Agora, Zara está de olho no maior mercado de todos. Lush Life está sendo inclusa nas playlists das principais estações top 40 dos EUA, como a Z100 nova-iorquina e KIIS de Los Angeles. Enquanto a canção está escalando os charts, Never Forget You, seu hit dance com o MNEK, acaba de penetrar o top 10 do iTunes estado-unidenses. Além disso, ela foi nomeada o rosto de uma nova campanha de marketing da gigantesca de beleza Clinique. Nada mal.

Qual será o próximo mega hit? A dica é ficar de olho no chart da Suécia no Spotify.

Worth noting: o Spotify, responsável por mudar a maneira que as pessoas escutam música em todo o mundo (streaming já é até contabilizado nas principais paradas mundo afora), é outra criação sueca.
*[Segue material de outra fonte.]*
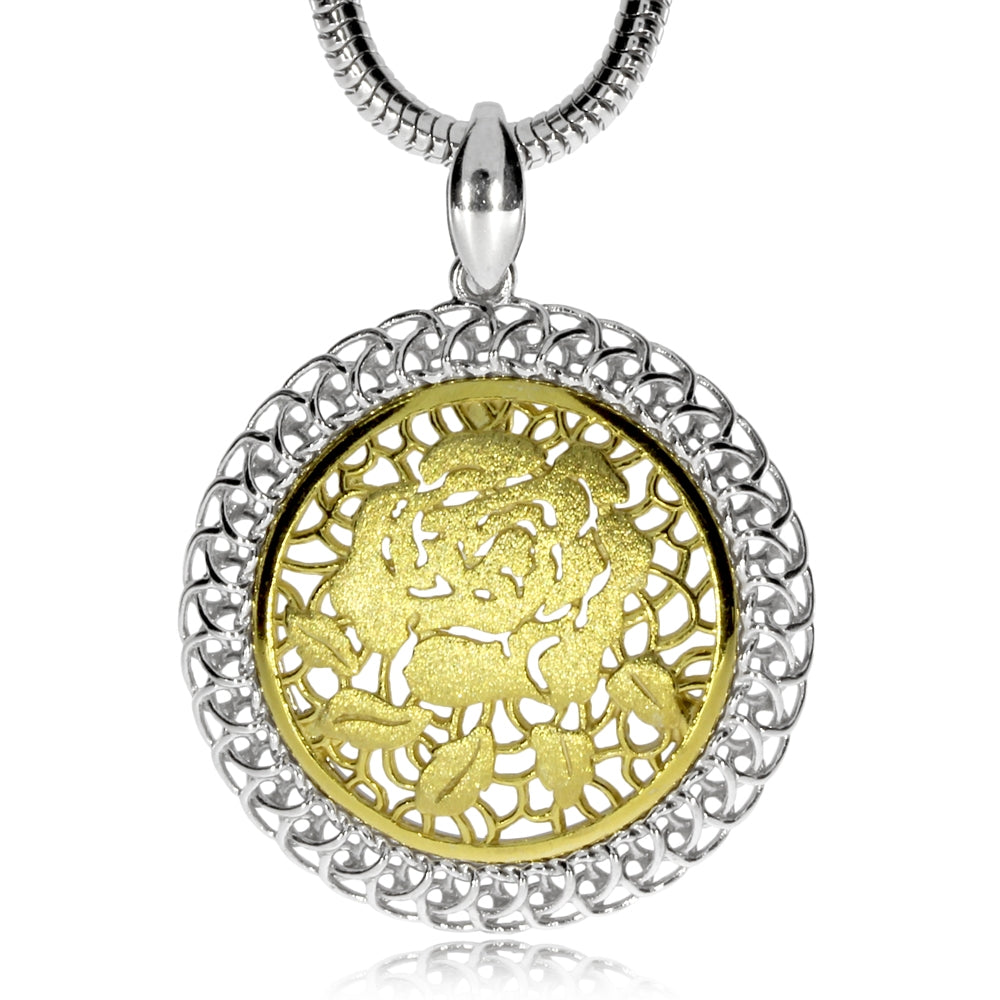 Stříbrný přívěsek se zlacenou růží uprostřed
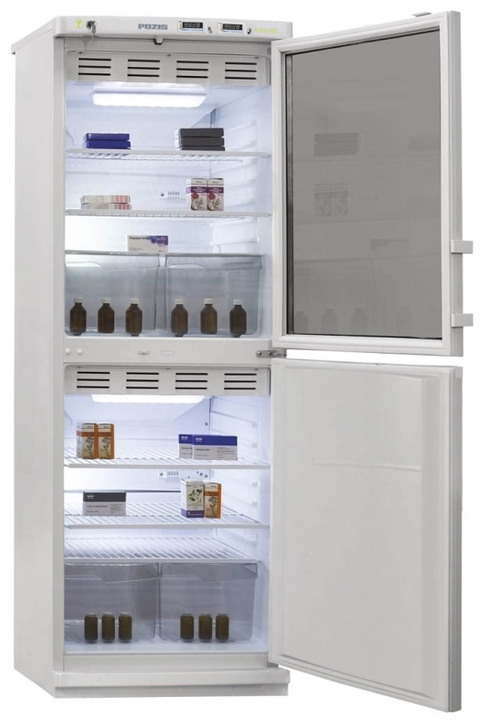 Холодильник фармацевтический ХФД-280 ПОЗИС с тонированной стеклянной и металлической дверью предназначен для хранения лекарственных препаратов, вакцин, реагентов и биологических образцов при температуре от +2°C до +15°C в помещениях клиник, больниц, аптеках, лабораториях.

No país, mais de 90% do consumo de música é feito através do aplicativo.

A plataforma, cuja sede fica em Estocolmo, é uma grande entusiasta de atos escandinavos. O  DJ sueco Aviccii, a maior e mais bem paga estrela da região atualmente, aponta o serviço de streaming como peça chave na sua explosão global. Atualmente, o Spotify promove com entusiasmo Zara Larsson, Lukas Graham e Alan Walker, os colocando em playlists proeminentemente (como a Today’s Top Hits, com mais de 7 milhões de seguidores) e dando destaque a eles em sua página inicial.

De Max Martin ao Spotify aos popstars que dominam as paradas da atualidade, parece que o Scandinavian musical takeover não vai parar tão cedo.